Managing AD Innovations, Challenges, Care Strategies at SDPA
At the SDPA’s 22nd Annual Fall Dermatology Conference, Matthew Zirwas, MD, spoke to attendees about atopic dermatitis, itch, and contact dermatitis.
His first lecture was called “Managing Atopic Dermatitis: Innovations, Challenges, and Care Strategies.” The goal of the lecture was for attendees to leave understanding how atopic dermatitis research has dramatically changed over the last five years.
Dr. Zirwas started the lecture discussing the pathophysiology of itch and how there is not an easily available treatment for just itch.
“Itch is a unique sensation,” Dr. Zirwas said. “It is a specific thing with specific neurons. It is not some type of pain.”
He finds the most interesting thing about itch is that when you scratch it, it’s an “intensely pleasurable sensation.”
“Whenever they put people in an MRI brain scanner, functional MRI, and give them an itch and let them scratch it, it is indistinguishable from giving them cocaine,” Dr. Zirwas said.
Lecturing on the skin conditions surrounding itch is something Dr. Zirwas is passionate about. The fact that for nearly 7 years there have been great treatment options available but 2 million out of the 2.5 million people suffering from moderate-to-severe atopic dermatitis are not on advanced systemic therapy treatments leaves him examining where providers are going wrong.

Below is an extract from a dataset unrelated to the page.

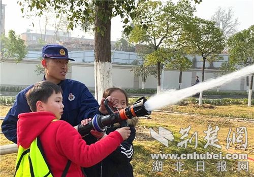 “这是什么?”“这个是用来干嘛的?”“我能摸一下吗?”…… 在消防器材装备展示区,一件件新奇而特别的消防器材装备引起了学生们浓厚的学习兴趣。学生们你一句、我一句,提出了许多想要了解的问题。看着学生们好奇的眼神,消防员都耐心细致地进行解答。同时,消防员还重点为学生们介绍了“消火栓”和“灭火器”的使用方法并进行操作演示,还现场邀请学生们亲自操作体验。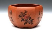 紫砂陶還有一個特點,就是把詩情畫意由雕刻藝人直接刻畫在紫砂陶土上。最早見于明代、清初,一些文人雅士吟詩作畫、題詩記事于壺上,并有留言作為饋贈珍品,那時以陳曼生、子冶為最,他們推動了在紫砂陶上陶刻藝術的發(fā)展,著有“字隨壺傳、壺隨字貴”之說法。近幾年,裝飾方面又有創(chuàng)新,在紫砂陶上嵌金銀絲等裝飾新工藝更為光彩奪目、錦上添花。

He broke down the two theories behind this.
“One of the theories is therapeutic inertia, which is basically saying that we as dermatology providers are too dumb to be able to figure out who's suffering enough that they need an advanced systemic therapy,” Dr. Zirwas told Practical Dermatology. “Or maybe we're not too dumb, but we just don't care enough. That, to me, is a ridiculous answer, and I am stunned on a regular basis that people are pushing this as the reason.”
The second theory, which he said has “really good” supporting data, is that providers are “terrible at making the diagnosis.”
“In fact, the data now confirms we are misdiagnosing two-out-of-three people with atopic dermatitis,” Dr. Zirwas said.
He credits the reasoning behind misdiagnosing to outdated diagnostic criteria. The Hanifin and Rajka criteria, he said, “are just dead wrong, and now we have the data to back this up.”
“The data has now shown that the majority of people with adult atopic dermatitis do not have it flex early, and the majority of them do not have atopic comorbidities,” Dr. Zirwas said. “Those diagnostic criteria should be thrown out whenever we’re talking about adults.”
Throughout the lecture, he explained three well-established environmental causes of atopic dermatitis and described how atopic dermatitis differs from pediatric atopic dermatitis and rationally select the best systemic therapy for each individual patient.